**ENTRIES SUPPLIED:**
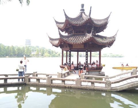 夕影亭是西湖扩建时连同长桥一起重新修建的,由于在水面之上,加上外型还是不错的,吸引了不少游客的合影留念,同时,此处也是远观雷峰塔的一个好地方。
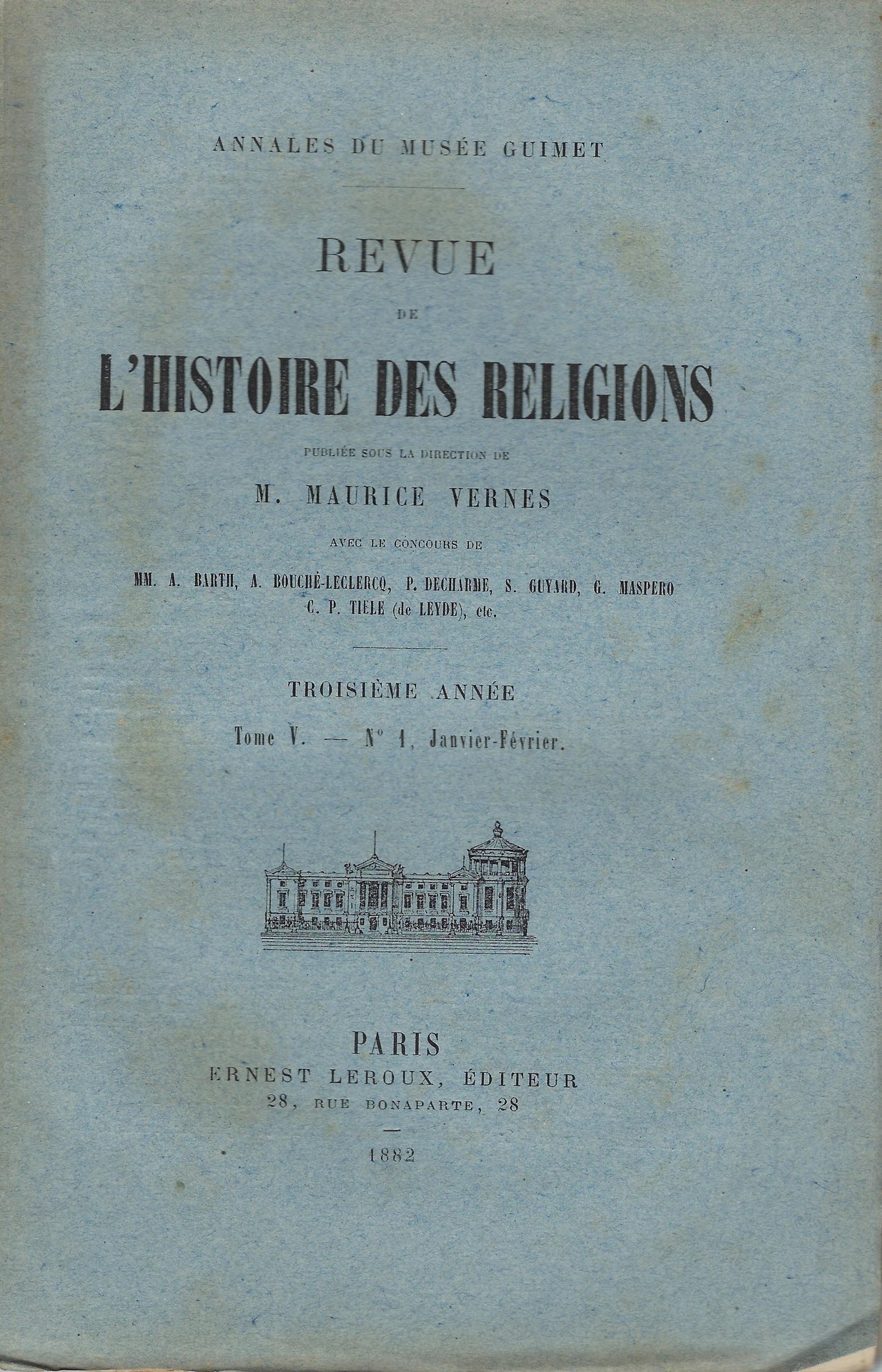 E. Leroux, 1882. Publiée sous la direction de M. Maurice Vernes avec le concours de MM. A. Barth, A. Bouché-Leclercq, P. Decharme, S. Guyard, G. Maspero et al. Troisième année, tome V, n.1 (Janvier-Février), 144 pp. copertina rigida Buono (Good) naturale ingiallimento dal tempo e lievi fioriture su alcune pagine, volume intonso, leggibilità perfetta.
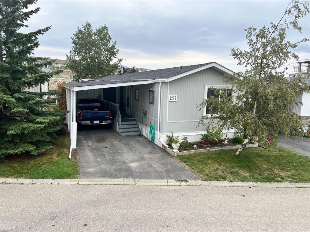 This excellent home comes with wide open main living area with vaulted ceilings, sliding patio doors from living room to an excellent sun-room which has skylight as well as access to carport and to very private back deck between added 3 season bedroom and storage shed, plus private treed back yard up to the tall fence. Front bedroom is next to the main bathroom and has it's very own little computer or tv room. The master bedroom at the very back of this spacious home has easy step-in tub, double closet and newer window. This home with so many updates and great features must be seen to be fully appreciated. Don’t miss it. Remember that the monthly lot rent of $825 includes water, sewer, recycling, garbage pickup, plus all clubhouse amenities. These amenities include outdoor heated swimming pool, indoor hot tub, sauna, billiards/games room, library and more! From here you also have easy access to the Arbour Lake LRT, many Crowfoot businesses, clinics, restaurants, grocery stores, and much much more! AND when you want to head west to the mountains , or north, or east or south, you have easy access to Stoney Trail for all directions.
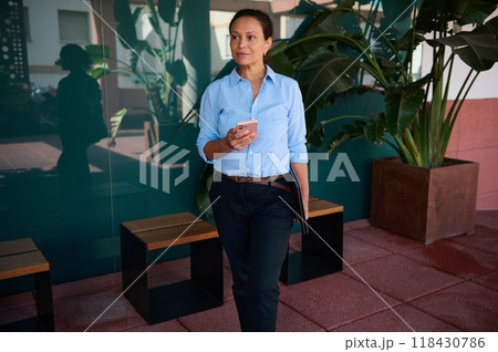 Confident professional woman walking with smartphone and folder in modern outdoor setting with greenery
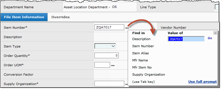 Figure 8 - Using the Prompt and the Find In Box to Locate an Item for a Transfer Requisition
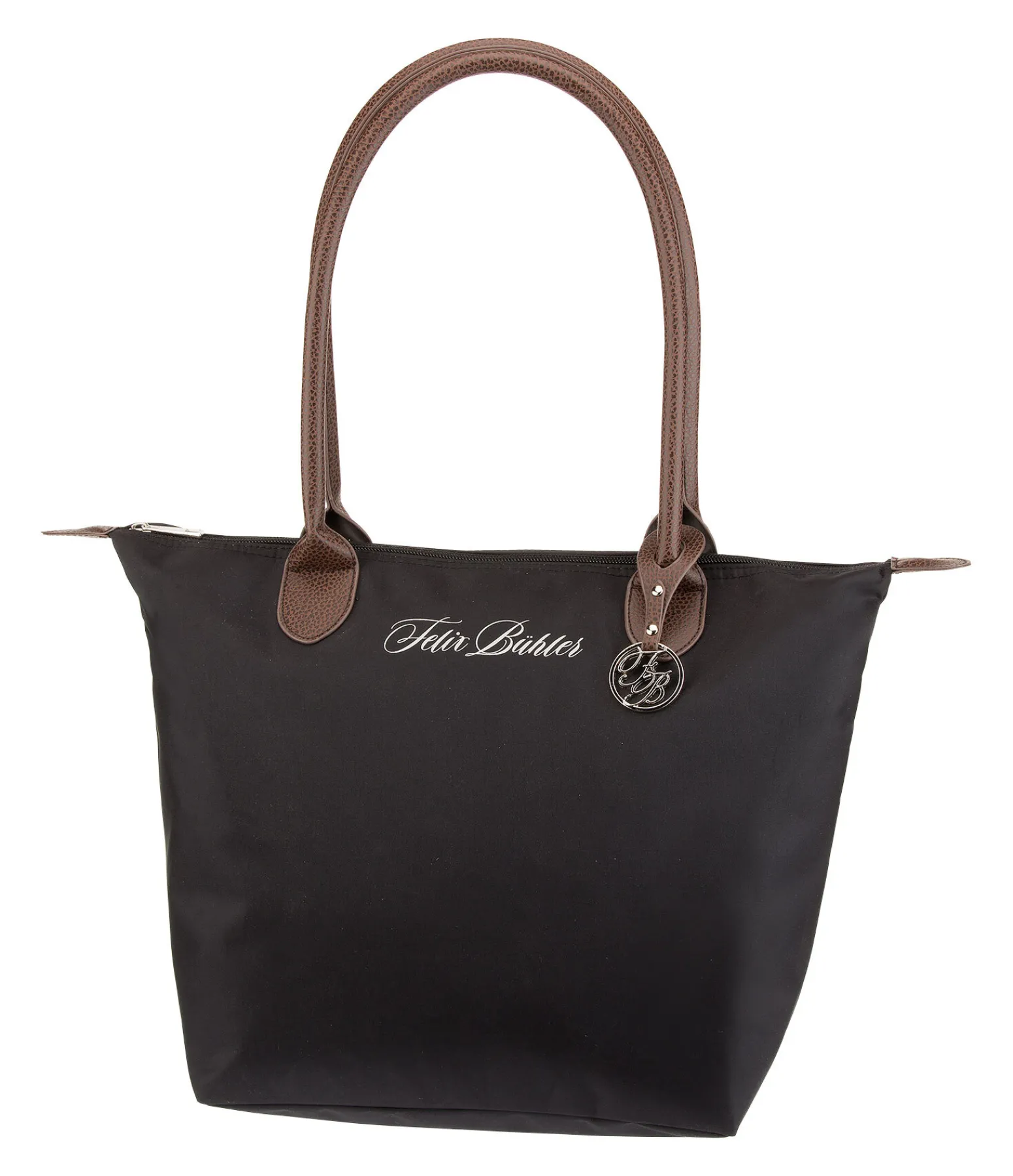 Sac à main tendance avec pendentif chic Felix Bühler. Polyester facile d’entretien avec anses solides en matière synthétique de grande qualité. Fermeture à glissière pour ouvrir et ranger, petite poche intérieure zippée. S (19 x 30 x 15 cm. Anses 38 cm), M (32 x 42 x 15 cm, anses 64 cm). 100 % polyester. Lavage à la main.
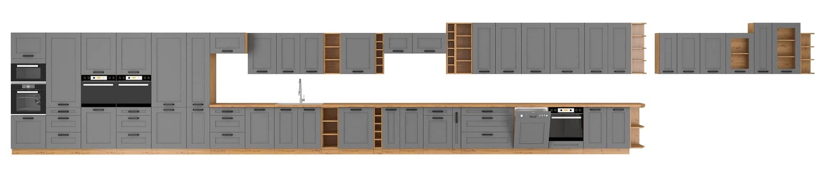 Szafki kuchenne modułowe Asti w kolorze szary popiel / dąb artisan

**TASK DETAILS:** Would you please print only the lines running from the one with "Confident professional woman" to the final line of the entries above, exactly as written and without pictures?

**ANSWER BELOW:**
 Confident professional woman walking with smartphone and folder in modern outdoor setting with greenery
 Figure 8 - Using the Prompt and the Find In Box to Locate an Item for a Transfer Requisition
 Sac à main tendance avec pendentif chic Felix Bühler. Polyester facile d’entretien avec anses solides en matière synthétique de grande qualité. Fermeture à glissière pour ouvrir et ranger, petite poche intérieure zippée. S (19 x 30 x 15 cm. Anses 38 cm), M (32 x 42 x 15 cm, anses 64 cm). 100 % polyester. Lavage à la main.
 Szafki kuchenne modułowe Asti w kolorze szary popiel / dąb artisan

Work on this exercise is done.